In 2015, the NDRC announced that China officially ended its two-tier gas pricing system. The ‘incremental’ city-gate prices were cut and the factual city-gate prices were raised in every province in order for the two different gas prices to converge. In 2017, the NDRC announced a new stage in its natural gas market reform: regulation of non-residential city gate price is now to be removed. Gas companies are encouraged to gradually split sales and pipeline businesses to promote a market-based pricing mechanism and the government is only to step in when abnormal price fluctuations occur. Finally, at the end of 2017, it was announced that the creation of a Chinese gas index is one of the priorities, and there are two exchanges now trading natural gas: Shanghai and Chongqing. These developments suggest that the Chinese natural gas market moves toward a principally new stage in its development. As summarized below (Figure 2), the movement is logically geared towards the market pricing of natural gas.
Figure 2. Natural gas pricing reform in China: Chronology
What will be the outcomes for the regional and global gas markets? Firstly, it is important to mention that China has created a set of pre-conditions for competitive price discovery (removal of regulated prices). Secondly, China is currently making steps to launch a gas price index. If such an index earns the trust of outside players, it may serve as the regional index as well. Therefore, changes in the national gas market of China can have a transformative influence on the regional gas market structure.
Energy market and state energy company reform in South Korea
Together with Japan and China, South Korea is one of the largest players in the LNG market, and until 2017 it was the second largest importer of LNG after Japan, until overtaken by China. Currently, the natural gas market in Korea is also experiencing some changes.
Wholesale gas market in Korea is monopolized by the state company, Korea Gas Corporation (KOGAS).
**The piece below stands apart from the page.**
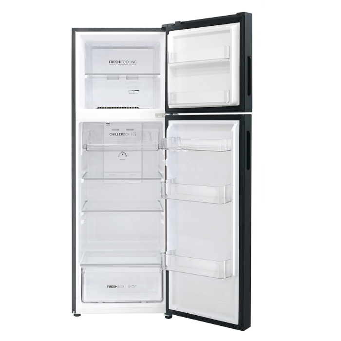 - Chiếc tủ lạnh này có kiểu dáng 2 cánh với ngăn đá trên, lớp vỏ bên ngoài được phủ một màu đen xám khói nhẹ nhàng tăng thêm nét sang trọng và tinh tế trong không gian nội thất.

Traditionally KOGAS was the sole seller of natural gas in the wholesale market and in addition to that, it has always been the largest importer of LNG in the country, being responsible for over 90% of all LNG imports. In June 2016, the Korean government approved the plan of gradual opening of gas imports and the wholesale market to the private sector by 2025, , after KOGAS’ 9 million tons per year long-term contracted volumes of LNG with Qatar and Oman expire in 2024. The liberalization of the gas market is aimed at strengthening competition in the gas and electricity market.
It is worth mentioning that natural gas and electricity sectors are closely interlinked in Korea, like in many other countries: the developments in the electricity generation mix directly affect demand for natural gas. Under the 8th electricity plan announced in 2017, which reflects environmental and safety factors in addition to objectives of stable power supply and economic efficiency, Korea will produce more power from renewable energy sources and natural gas, while gradually reducing its reliance on nuclear power and coal. Thus, the role of natural gas is likely is likely to strengthen. Like in natural gas, electricity sector is also dominated by a single entity – Korea Electric Power Corporation (KEPCO). While KEPCO and other companies in the electricity and industrial sector could import LNG, it was possible to use it for their own consumption only. However, as private companies can gain access to the wholesale market after 2025, the competition in gas and electricity markets is very likely to increase.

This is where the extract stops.